Rewarding?... You have no idea!
ANCHORS
As it's getting too dark to run the reefs I am told there is one more place we will have to get to tomorrow. "Where is the last village?" I ask. "Clear on the other side, where we've been working at starting the second church, the hardest hit there is our new Nazarene family who have given land for the church, they and others have lost all their crops!" This strange severe storm must have crossed right over the middle of this long island in a straight line... effecting no-one on either side of it's path. It's very dark by the time I put out two anchors so that I will sleep and not worry about the anchor dragging. Once everyone gets off the boat I flick on the anchor light and drop exhausted onto one of the wooded benches... only rarely half waking throughout the night to some sound or to flash on the spot-light to check my bearings with the shore.
COFFEE
By dawn I'm working my way through a steaming cup of hot coffee (which solves most problems) when the first people come. By the time I leave, I have to draw the line at my maximum of 17 passengers, plus those who go in the coastal boat. Some hours later we have delivered the last of the food - who would have believed when we were buying it by faith 36 hours earlier that some would need to go to members of our own Nazarene church that at the time we'd heard nothing about, but who desperately needed it. God's like that! He does that kind of thing! And the sickness? Both of us are doing much better. Obviously this is why I couldn't go to Samoa this last week.
THANK YOU
As you've been a part of this ministry, it's possible one day God will say to you... "hey you know one day on a distant Pacific Island, I was hungry and you fed me... look over here" and introduce to you some people from some islands of Fiji that really needed help quickly this week.

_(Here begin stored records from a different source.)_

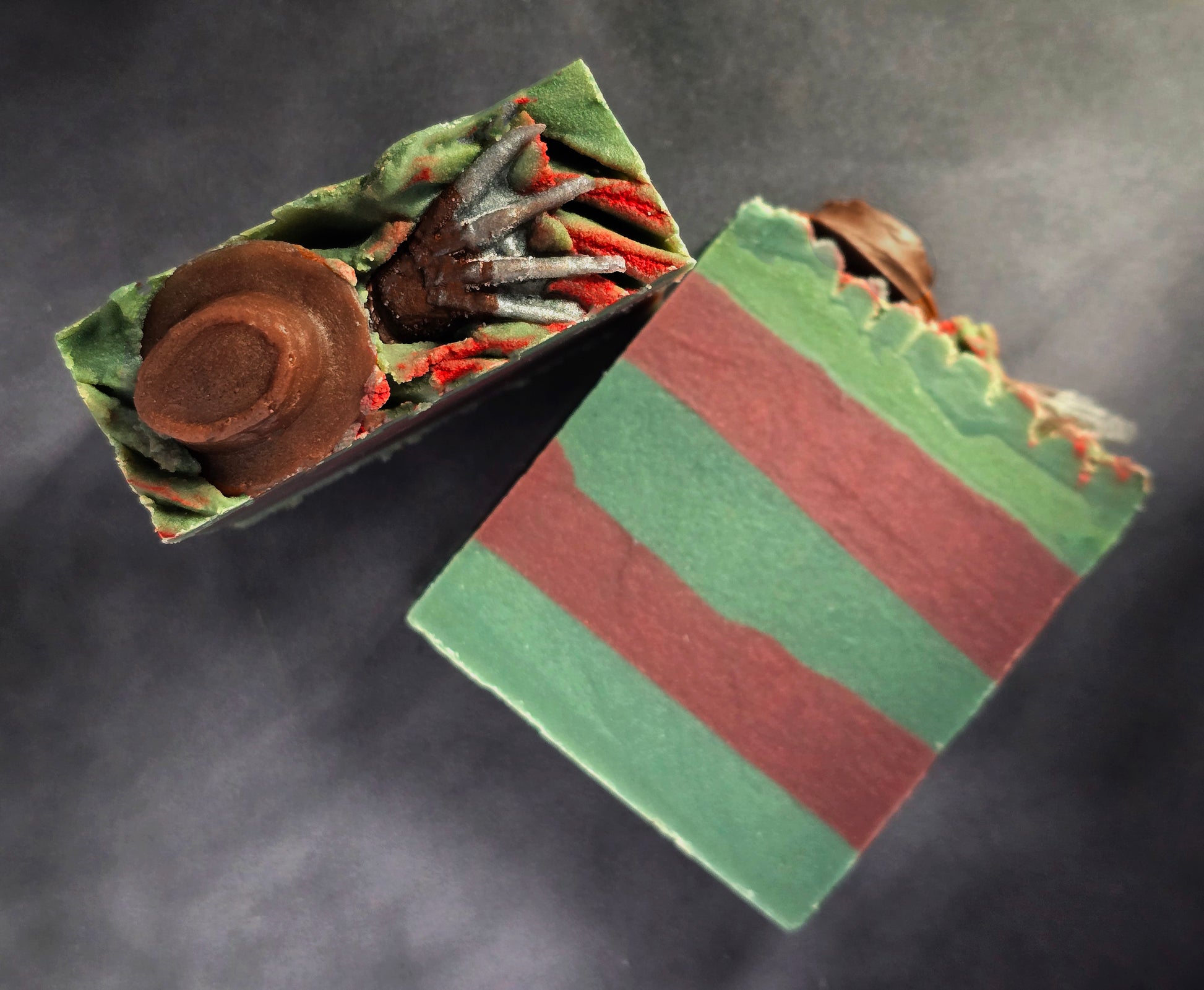 Sleep tight… if you dare. Man of Your Dreams Soap drags you straight into Freddy’s boiler room, where shadows flicker and steel hisses. The lather twists with the smoky bite of dark wood embers and lavender, grounded in earthy Patchouli, and finished with a sinister undercurrent of spiced amber. It is the dreamscape itself—beautiful, dangerous, and inescapable. With every wash, you’ll feel Freddy’s presence… waiting for you on the other side of sleep. 1......2.......Freddy's comin' for you.....
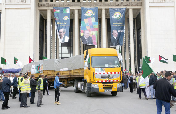 Initiée par l’Union générale des travailleurs algériens (UGTA), le coup d’envoi de la caravane de solidarité a été donné en présence du secrétaire général de l’UGTA, Abdelmadjid Sidi Saïd et du Premier ministre Sahraoui, Abdelkader Taleb Omar. La caravane, rendue possible grâce à la participation d’entreprises nationales publiques et privées, est composée de 25 camions semi-remorques et de fourgons transportant notamment des denrées alimentaires et des médicaments. Une ambulance médicalisée a également été offerte aux réfugiés sahraouis.
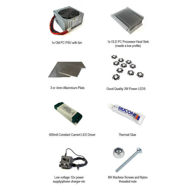 1 x viejo PSU desde un PC con un ventilador de 120 mm grande (Mientras que la PSU no es necesario trabajar el ventilador tiene que trabajar).
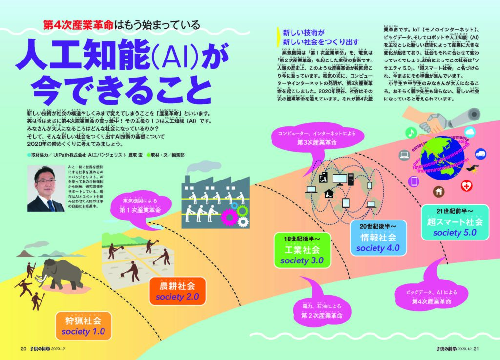 2020年12月号「人工知能(AI)が今できること」に取材協力いただいた、エヴァンジェリストの鷹取宏
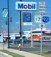 two-lane rural thruway. (2000) There is a new alignment for US 17 / 92 through Kissimmee, it follows the former "Truck Route", partially along US 192. The old route is now just city streets. (2006) Jacksonville decided to change US 17's routing through town, now it follows most of what was "Alt US 17" on state maps, up onto the Interstate. The old route was returned to the city. |
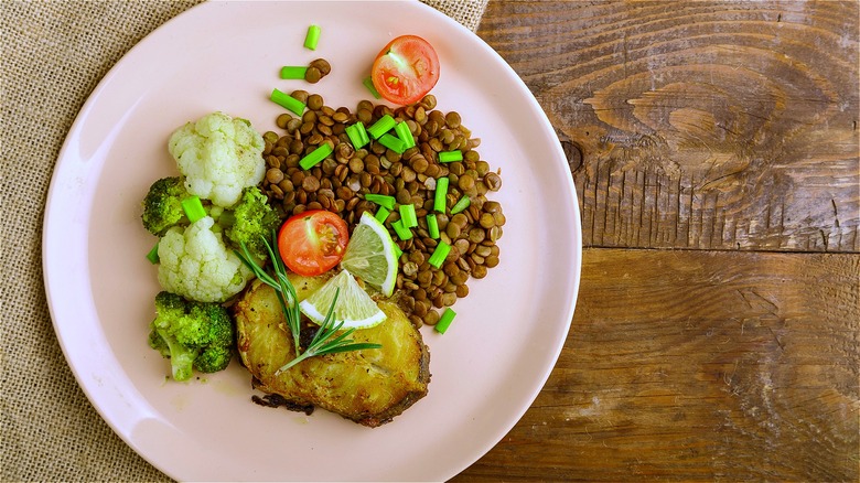 You don't have to make a big production out of your canned lentils. If you're looking for a simple, out-of-the-ordinary side dish, lentils are a handy way to add protein to a plate. They're also good and filling when you're tired of the same old mashed potatoes or rice. You can use canned lentils with any dish, but they're especially good with main dishes you'd ordinarily serve with baked beans, refried beans, or peas (they are all legumes after all).
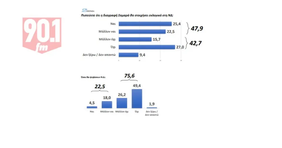 Όσον αφορά το κόστος από την απόφαση του πρωθυπουργού, οι ερωτηθέντες ήταν μοιρασμένοι, ωστόσο περισσότεροι, το 47,9%, πιστεύουν ότι η διαγραφή Σαμαρά θα κοστίσει εκλογικά στη ΝΔ, ενώ το 42,7% εκτιμά ότι «μάλλον όχι».
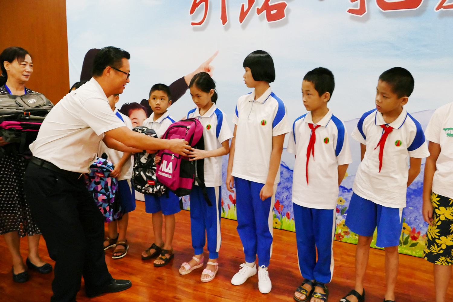 儀式上,梁國華、陳啟雄、黎沃燦、謝玉鳴、鐘世雄、潘錦基、鄺紹榮、陳濤等與會領導為孩子們頒發學習用品及助學金,并與孩子們親切合影,以示鼓勵。
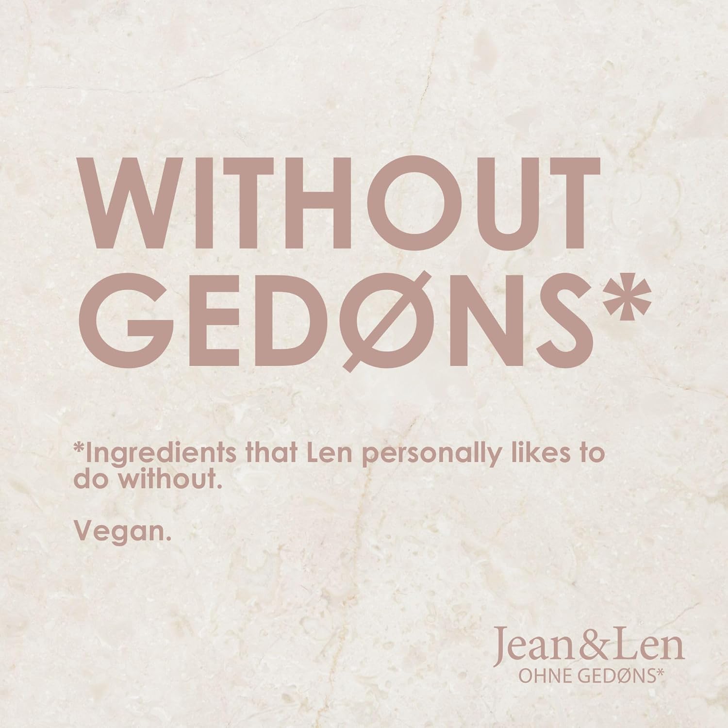 - WITHOUT GEDØNS*: For us, Gedøns* are things and especially ingredients, that our founder Len wants to avoid in our products. These include parabens, silicones and animal ingredients. We do not claim that these ingredients are harmful or bad. We simply don't want certain substances in our products because we know many of you don't want them either.
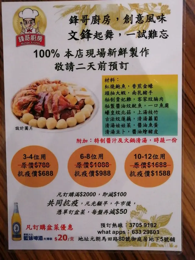 (元朗) (元朗) 网址: https://s.openrice.com/QrLS0uCm900 地址: 香港元朗馬田路80號御庭居地下5號舖 电话: +852 37059182
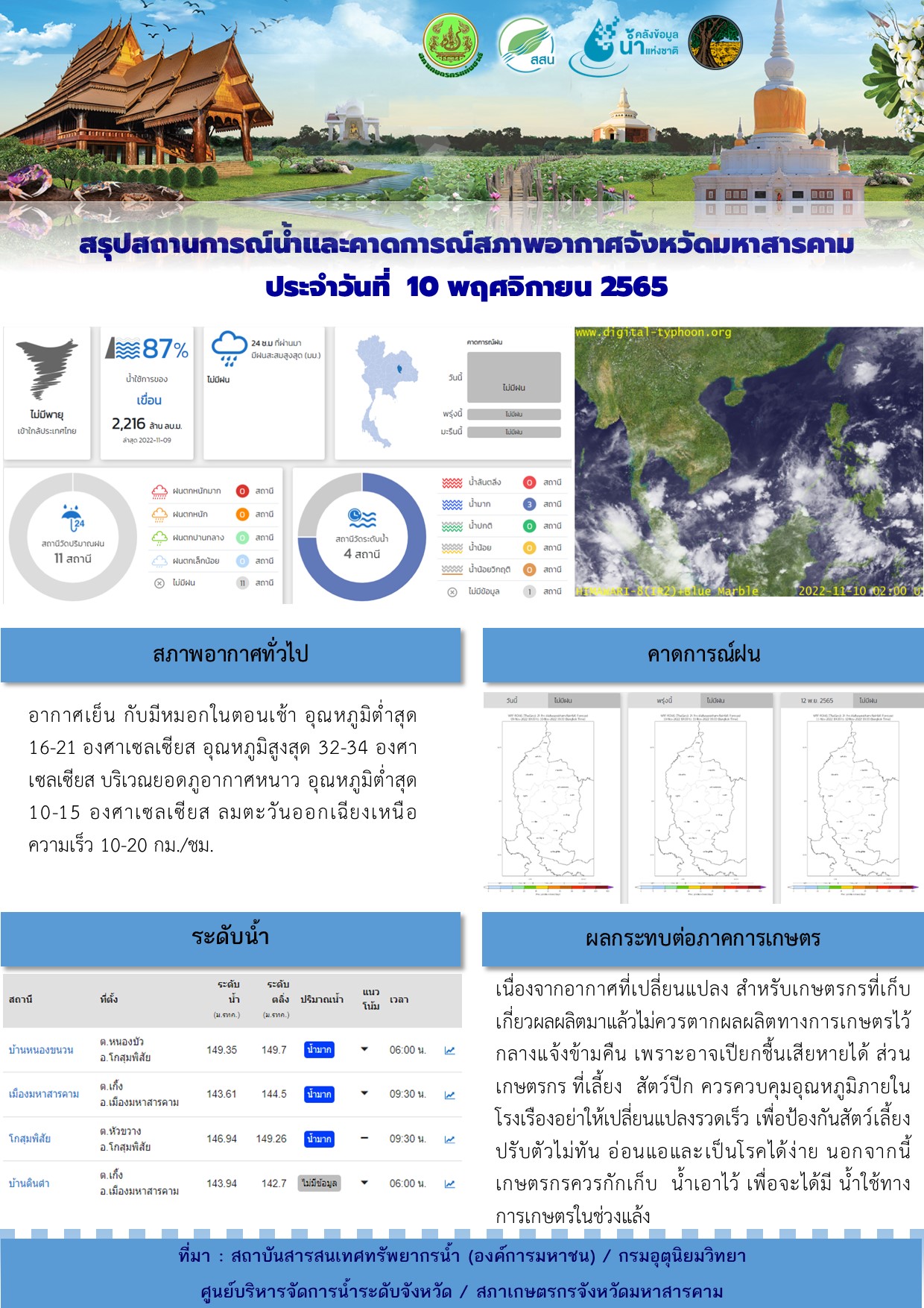 สรุปสถานการณ์น้ำและคาดการณ์สภาพอากาศจังหวัดมหาสารคาม 10 พ.ย. 25657 พ.ย. 2025Adminitratorข่าวกิจกรรม, ข่าวประชาสัมพันธ์
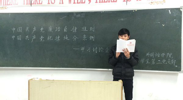 外国语学院认真贯彻校党委有关部署,扎实开展“十八届五中全会精神”暨《中国共产党廉洁自律准则》、《中国共产党纪律处分条例》等学习活动。
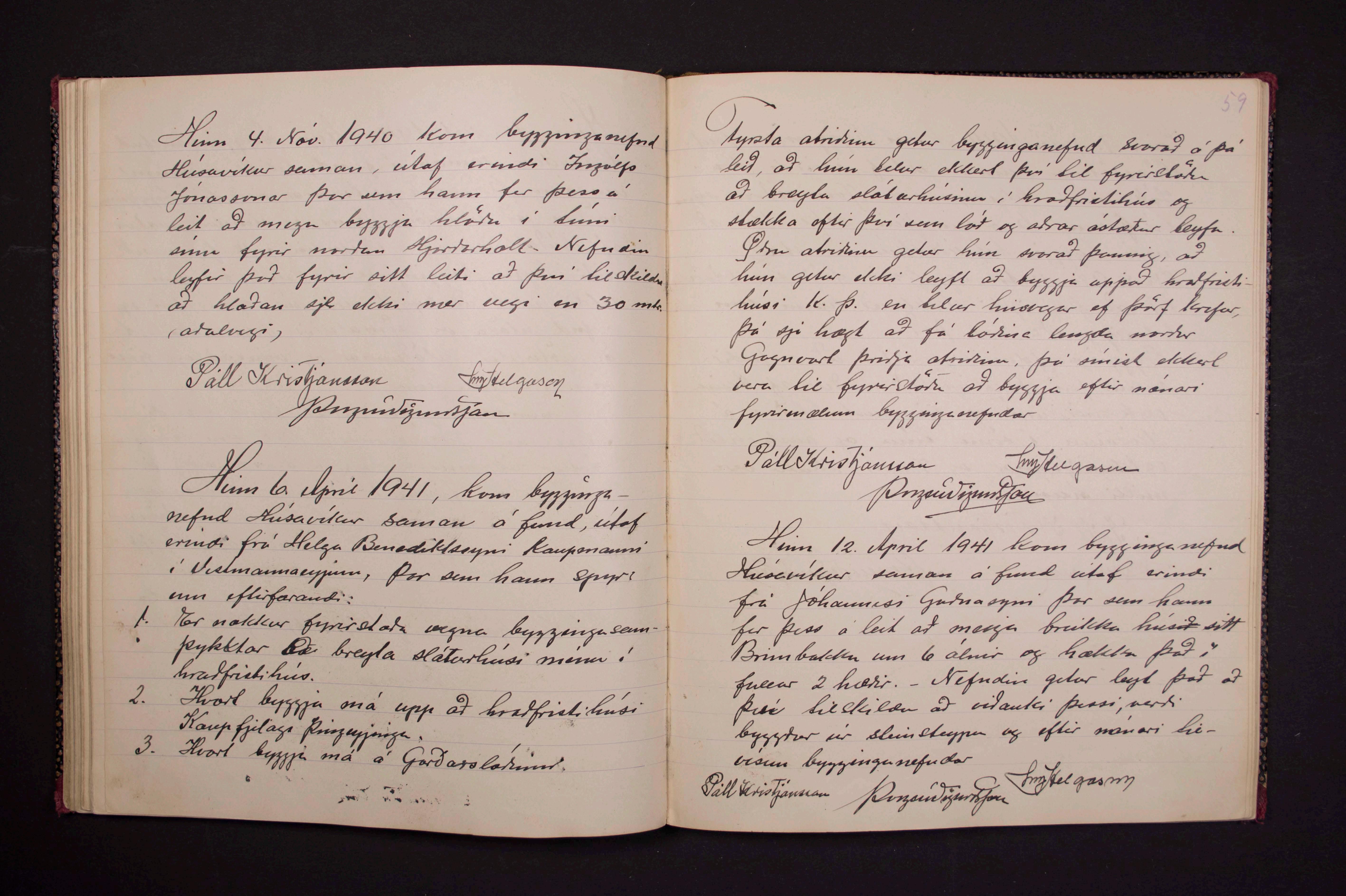 HRP-153/4 Húsavíkurhreppur. Gjörðabók bygginganefndar Húsavíkur 1922-1945.
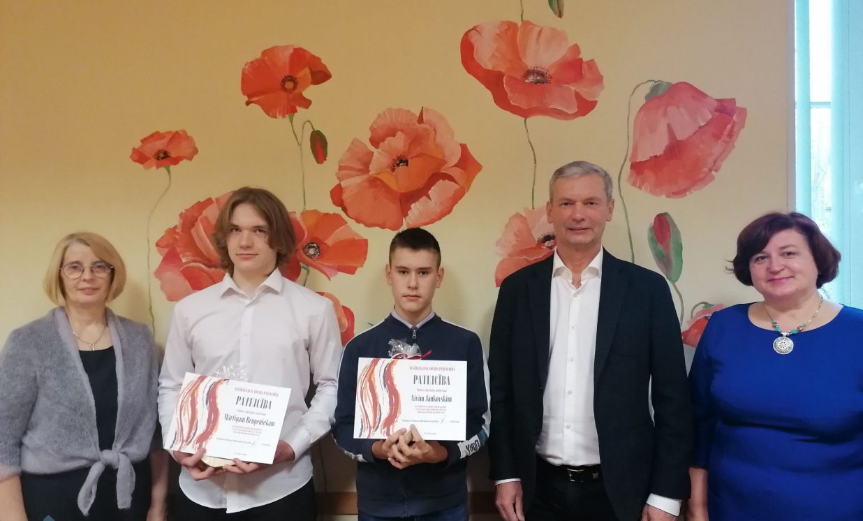 - Vaboles vidusskolas 9. klases skolniekam Aivim Jankovskim un 12. klases skolniekam Mārtiņam Bruņeniekam;
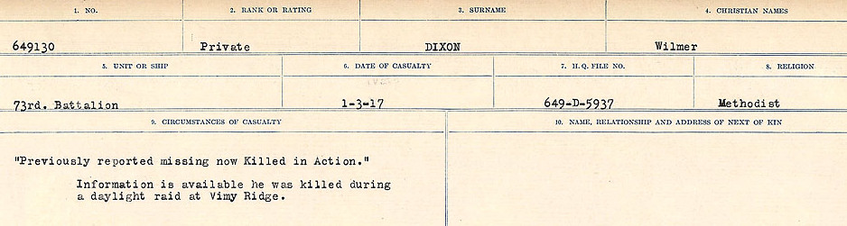 On April 3, 2003, the Government of Canada designated April 9th of each year as a national day of remembrance of the Battle of Vimy Ridge.
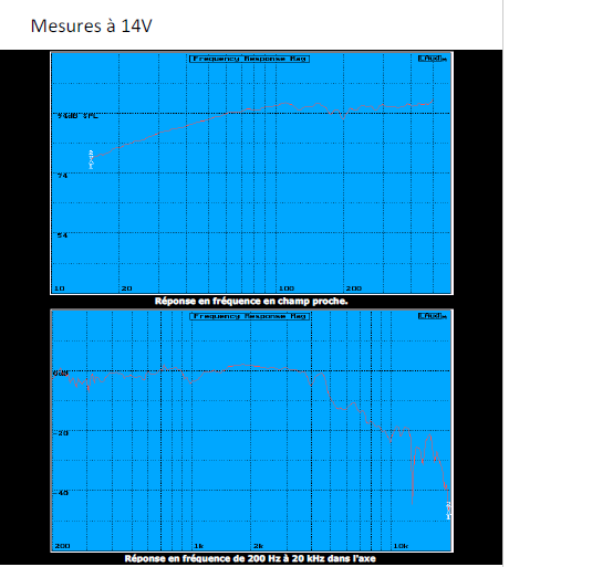 Sensibilité 2.83 V/1m 96 à 98 dB Alimentation 9 à 15 Volts CC. |

Working with you for Him, for the people of the South Pacific,
Harmon
p.s. I just found out as I was writing this that the 16mm JESUS Film projector has been stolen -
- after writing the first part of this sentence I turned the computer off to go and deal with the robbery. The police reports have already been filed as the robbery was now about 48 hours old. The thieves also stole the church's sound system where we had the projector. A few minutes ago the pastor called me, this is what he said; "we were just having a prayer meeting, praying about the robbery... I saw something over against the wall under an open window and there was the JESUS Film projector - returned!"
p.s.s. Please pray that Tropical Cyclone 'Gina' to our North West will not track towards us here in Fiji.